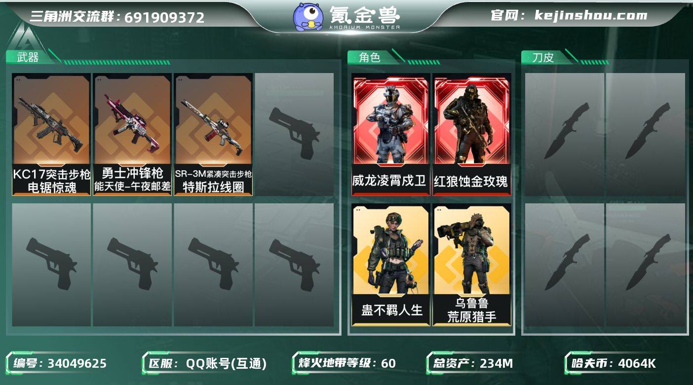 A12967/包人脸/QQ区/【0封禁】【总资产:234M+55发AWM+近战信条+红狼蚀金玫瑰+威龙凌霄戍卫+非洲之心+部门全3+仓库9+满体+负重6+守信不渝】/烽火等级:60级/全面战场:19级/纯币:4064K/三角券加币:395(三角币55+三角券340)【近战-信条】【红狼-蚀金玫瑰/威龙-凌霄戍卫】红狼-电锯惊魂/露娜-金牌射手/蛊-不羁人生/乌鲁鲁-荒原猎手/蜂医-送葬人无题密令/部门:33333/特勤等级(技术中心3级/工作台3级/制药台3级/防具台3级/仓库9级/指挥中心6级/训练中心7级/靶场6级/潜水中心1级/收藏室1级)M4A1突击步枪-蚀金玫瑰/QBZ95-凌霄戍卫/勇士冲锋枪-能天使午夜邮差/KC17突击步枪-电锯惊魂/SR-3M紧凑突击步枪-特斯拉线圈/橙色挂饰x6/段位:钻石(流动资产:188.8M)/详细看图
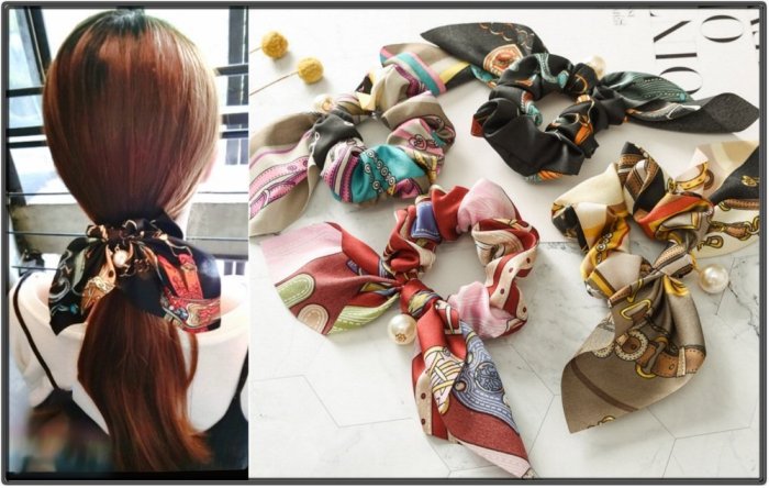 優寶購物《ubao.Tw》特貨品商城,黑貓宅配,取貨付款,復古圖騰 幾何 印花 珍珠 蝴蝶結 馬尾 髮束 髮圈 髮繩 絲質 大腸圈 | Yahoo拍賣
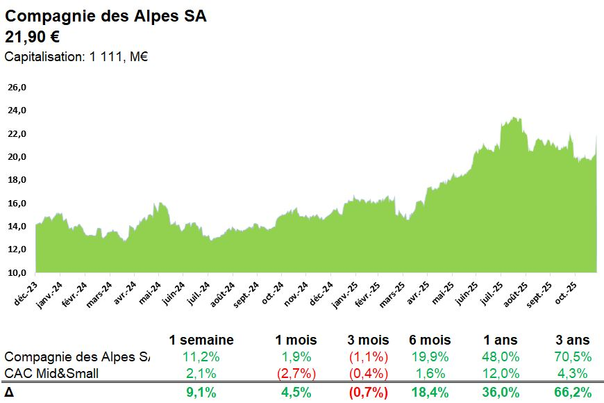 La finalisation effective du transfert — et un éventuel recours de DTG — constituera le prochain jalon clé. Une gouvernance clarifiée pourrait ouvrir la voie à des discussions stratégiques (partenariat industriel, cession de bloc) et soutenir le plan d’expansion internationale présenté par la direction. Cette clarification a fait bondir le titre de +19,4 % sur la semaine, portant sa performance à +43,6 % depuis le début de l’année. Un rebond qui montre qu’en Bourse, la mode ne se démode pas quand elle s’accompagne de stabilité
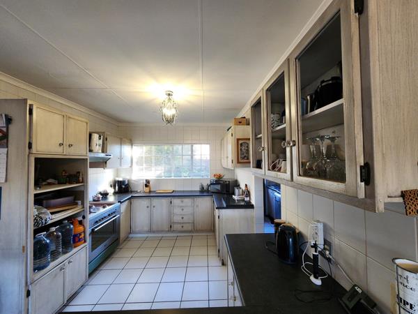 Living area consists of two lounges and dining room. One lounge has a bar and fire place. Kitchen is large, well designed with ample cupboard space, breakfast nook and scullery..
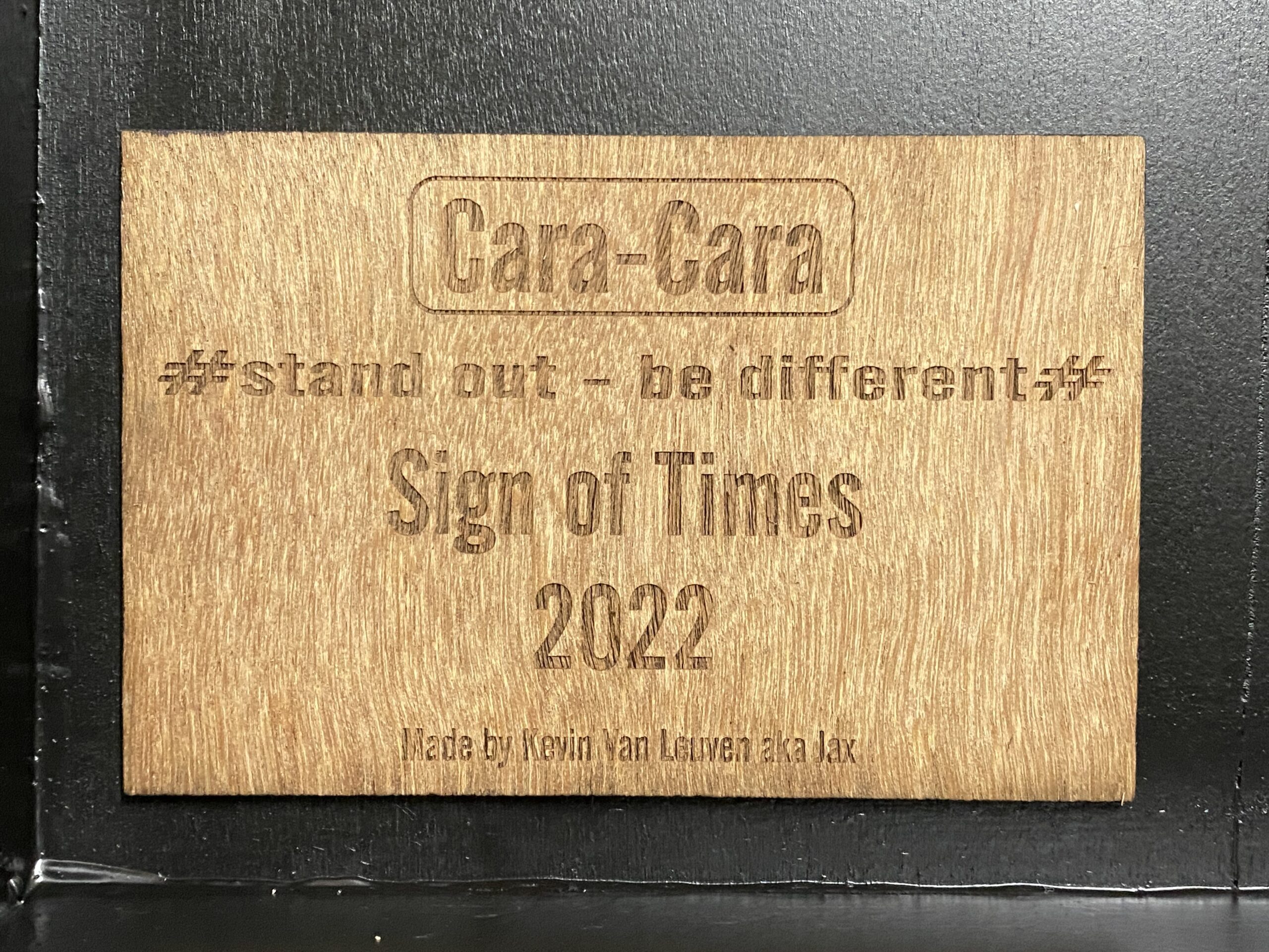 - Object : Lasergravure op koperkleurig (koperpoeder) gelakt zwarte mdf plaatjes 300x300x10 mm, afgewerkt met matte vernis en verlijmd op tableau uit zwart gelakte multiplex 1220x1220x55mm. Inclusief ophangsysteem en bewijs van authenticiteit.
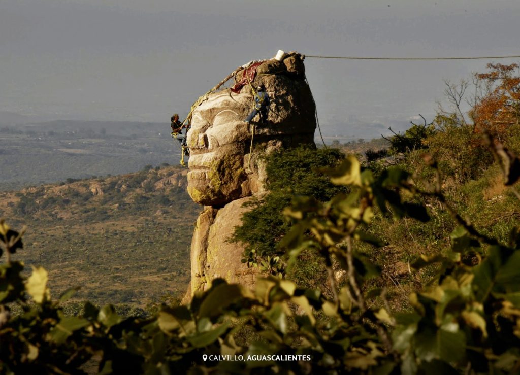 En la foto observamos la Gran Cabeza Chichimeca, que yace en la carretera 70, Aguascalientes-Calvillo, km. 33, entre la Sierra del Laurel y la Sierra Fría. Mide 12 metros de alto y es una obra de Juan Justo Zárate.
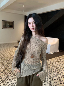 设计感小众不规则露肩印花衬衫女秋季新款高级感洋气减龄百搭上衣
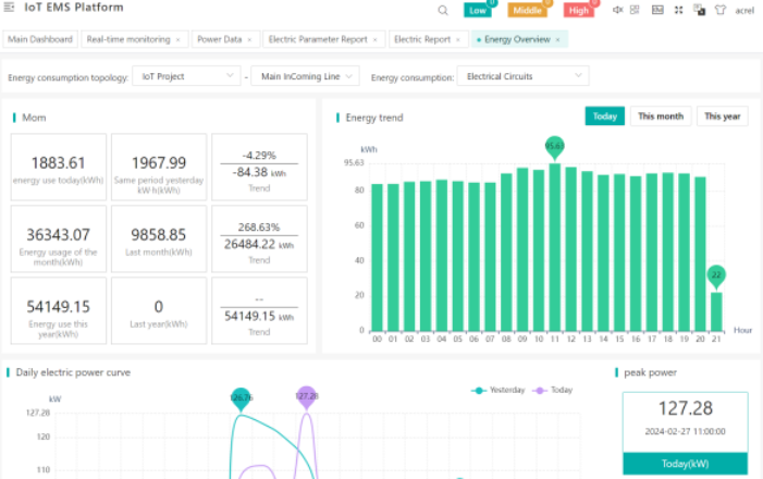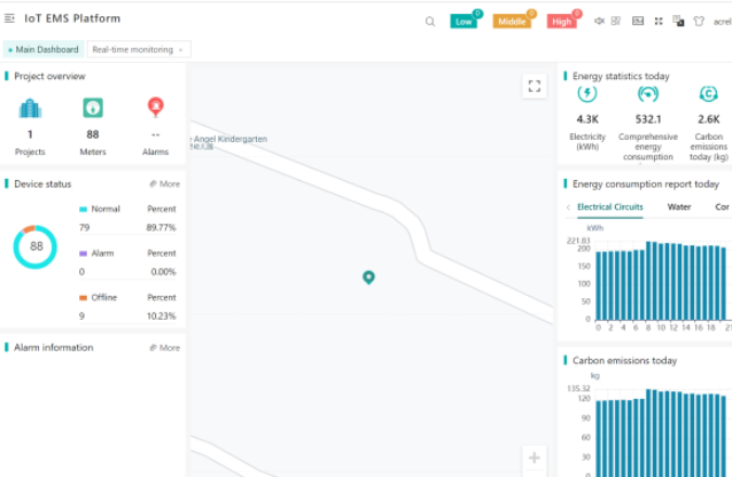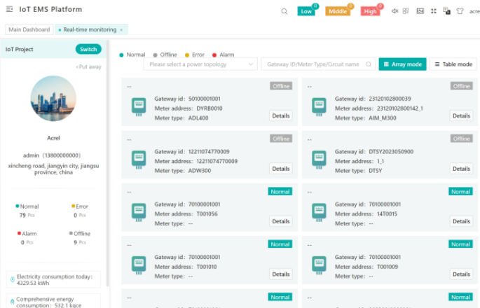 프로젝트 제품: ADW210 다중 회로 IoT 스마트 에너지 미터, ADW300 IoT 3상 무선 스마트 에너지 미터, ADL400 3상 DIN 레일 에너지 미터, AWT100 IoT 스마트 게이트웨이, Acrel IoT-EMS 플랫폼

━━━━━━━━

- What to work on
Within the listing above, extract exactly the lines that run from the one containing "Living area consists" through the one containing "- Object : Lasergravure", excluding any pictures.

- Answer to this problem
 Living area consists of two lounges and dining room. One lounge has a bar and fire place. Kitchen is large, well designed with ample cupboard space, breakfast nook and scullery..
 - Object : Lasergravure op koperkleurig (koperpoeder) gelakt zwarte mdf plaatjes 300x300x10 mm, afgewerkt met matte vernis en verlijmd op tableau uit zwart gelakte multiplex 1220x1220x55mm. Inclusief ophangsysteem en bewijs van authenticiteit.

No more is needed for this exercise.